(Beginning of Dataset records)

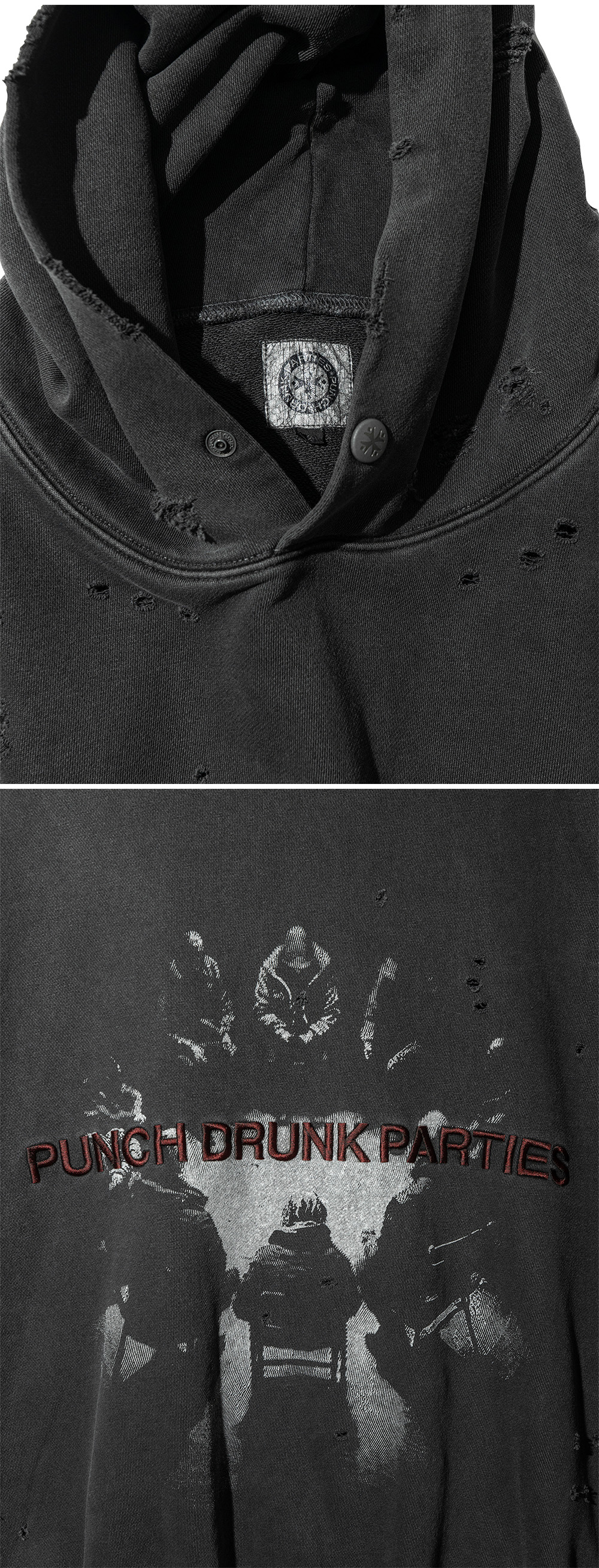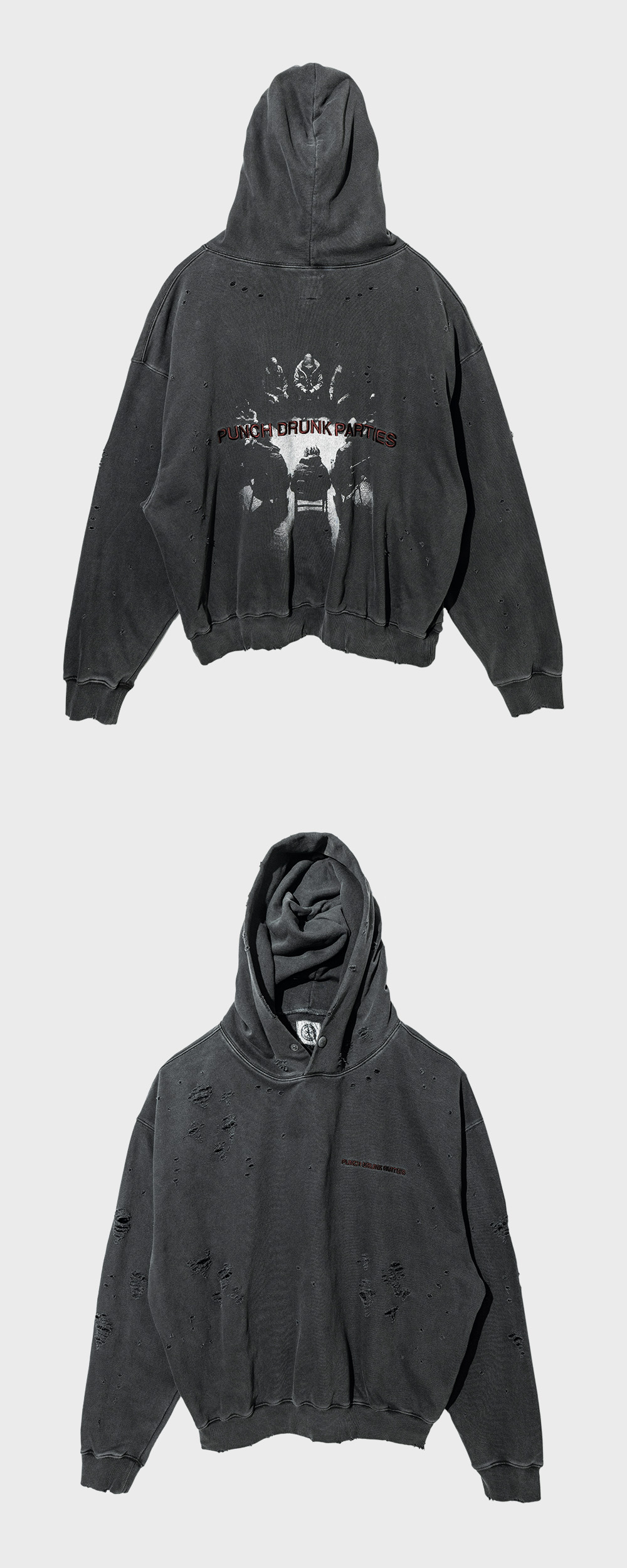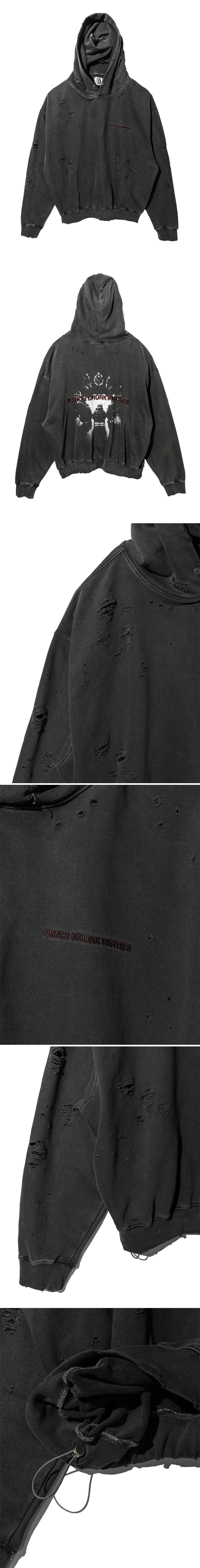 펀치 드렁크 파티즈 다모임 가먼트 다이드 후드 차콜
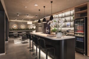 “We redesigned the entire space, which was formerly an Audi service workshop, to transform it into a spacious, comfortable, and uniquely elegant lounge for our customers. The combination of concrete panels to innovate the horizontal and vertical light lines, along with the accent of the elegant staircase design, truly expands the sense of space—providing the feeling of a classic, luxurious art gallery where you can enjoy time for yourself,” stated Ms. Mariella Genet, Founder and Creative Director of Lifestyle Connected, the design company behind the Audi Charging Lounge.
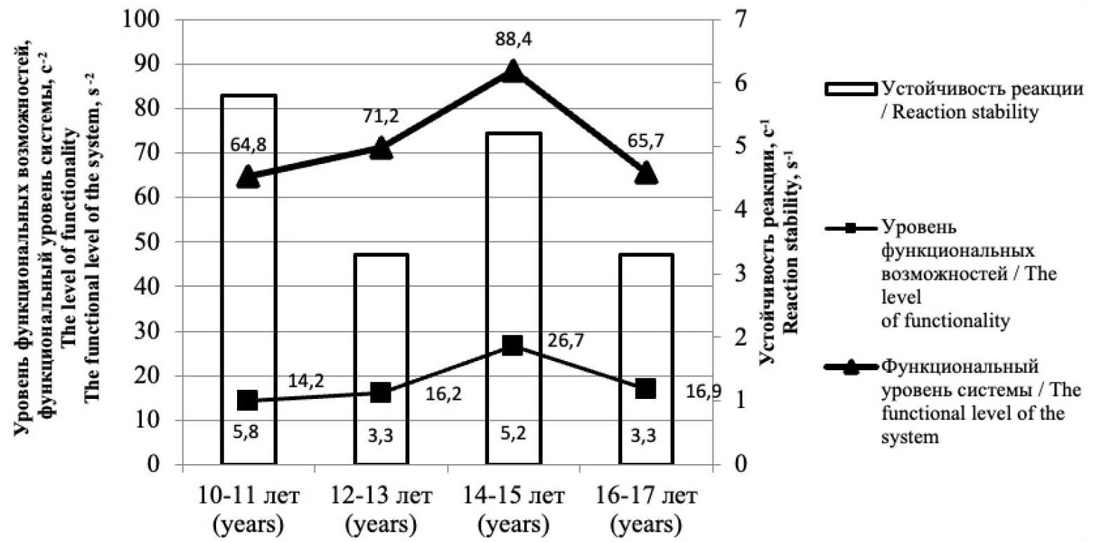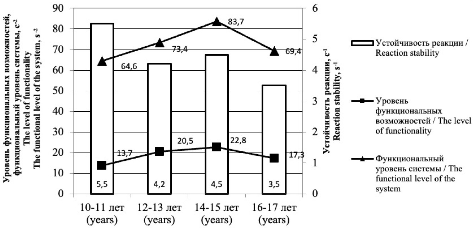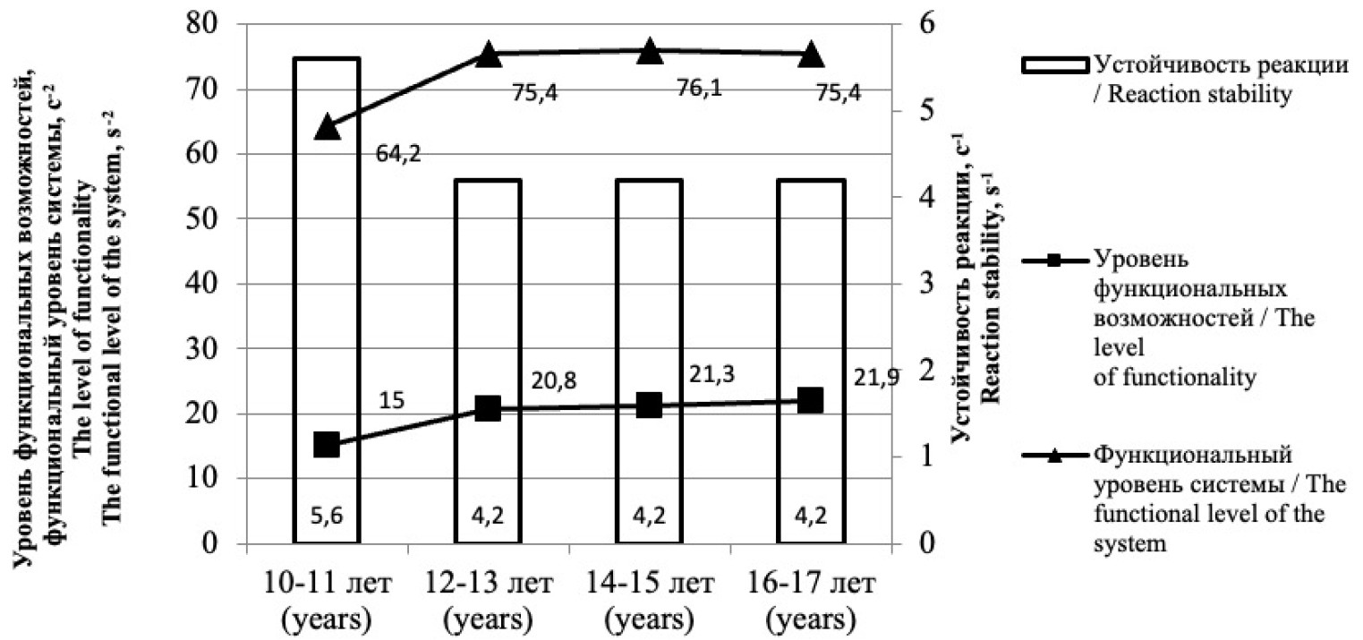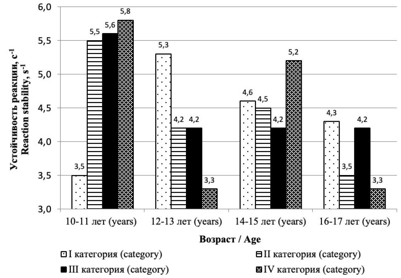 Fig. 1. Comparative analysis of reaction stability among students of different ages (М)
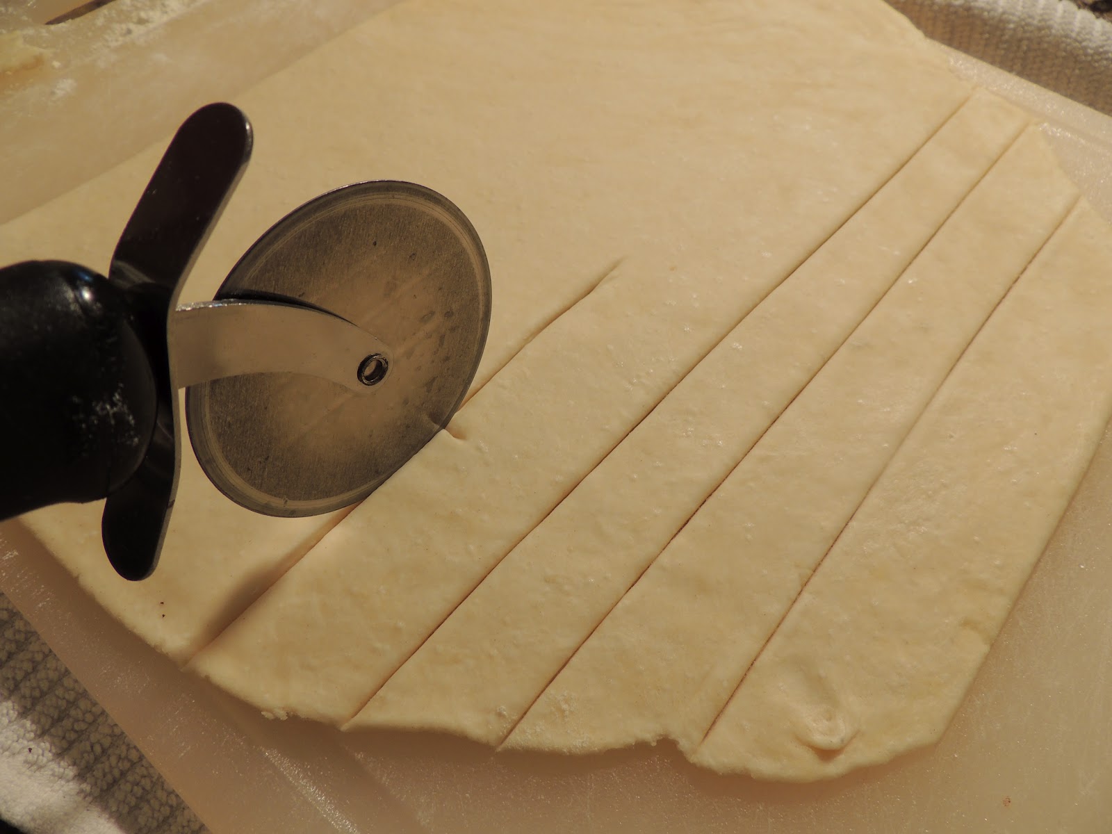 Next, roll out your pie crust and using a pizza cutter, cut your pie crust into strips.
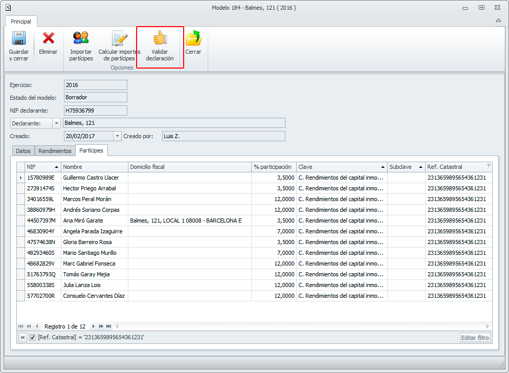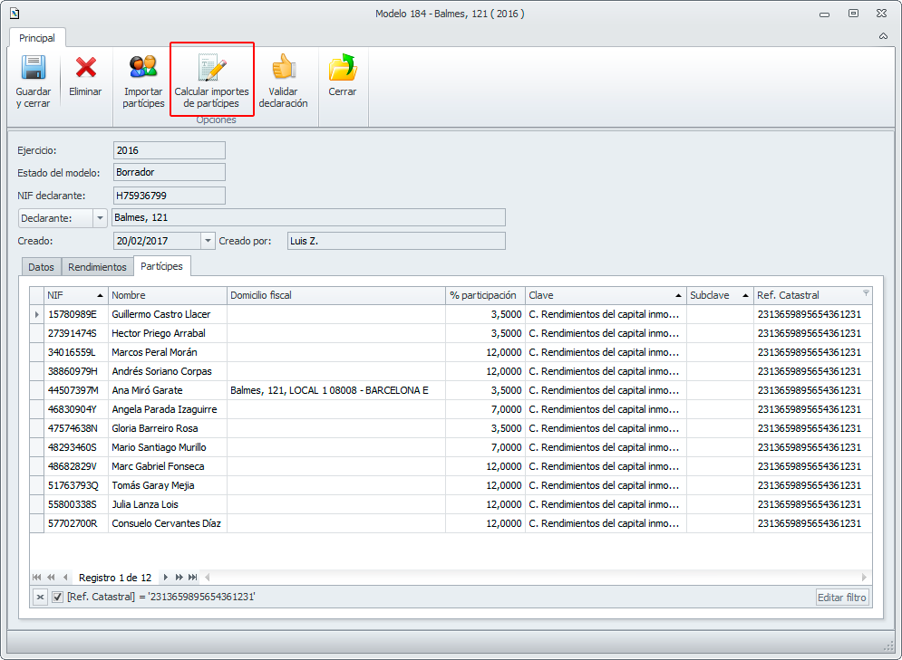 El botón de 'Calcular importes de partícipes' recalcula los importes a declarar para cada partícipe en función de su porcentaje de participación y los importes declarados en los rendimientos. Sólo es necesario usar esta opción si:
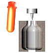 First a small part with a large wall thickness (a so-called preform) is produced by injection moulding. The preform is heated and then transferred to the blow moulding machine where it is blown into final shape. Compared to blow moulding, injection blow moulding gives better definition of details (e.g. screw thread), and a better control of the distribution of the thickness of the material. |

(End of Dataset records)

* **Exercise requirements**
Apart from the pictures, return every entry above exactly as given.

* **Written response**
 펀치 드렁크 파티즈 다모임 가먼트 다이드 후드 차콜
 “We redesigned the entire space, which was formerly an Audi service workshop, to transform it into a spacious, comfortable, and uniquely elegant lounge for our customers. The combination of concrete panels to innovate the horizontal and vertical light lines, along with the accent of the elegant staircase design, truly expands the sense of space—providing the feeling of a classic, luxurious art gallery where you can enjoy time for yourself,” stated Ms. Mariella Genet, Founder and Creative Director of Lifestyle Connected, the design company behind the Audi Charging Lounge.
 Fig. 1. Comparative analysis of reaction stability among students of different ages (М)
 Next, roll out your pie crust and using a pizza cutter, cut your pie crust into strips.
 El botón de 'Calcular importes de partícipes' recalcula los importes a declarar para cada partícipe en función de su porcentaje de participación y los importes declarados en los rendimientos. Sólo es necesario usar esta opción si:
 First a small part with a large wall thickness (a so-called preform) is produced by injection moulding. The preform is heated and then transferred to the blow moulding machine where it is blown into final shape. Compared to blow moulding, injection blow moulding gives better definition of details (e.g. screw thread), and a better control of the distribution of the thickness of the material. |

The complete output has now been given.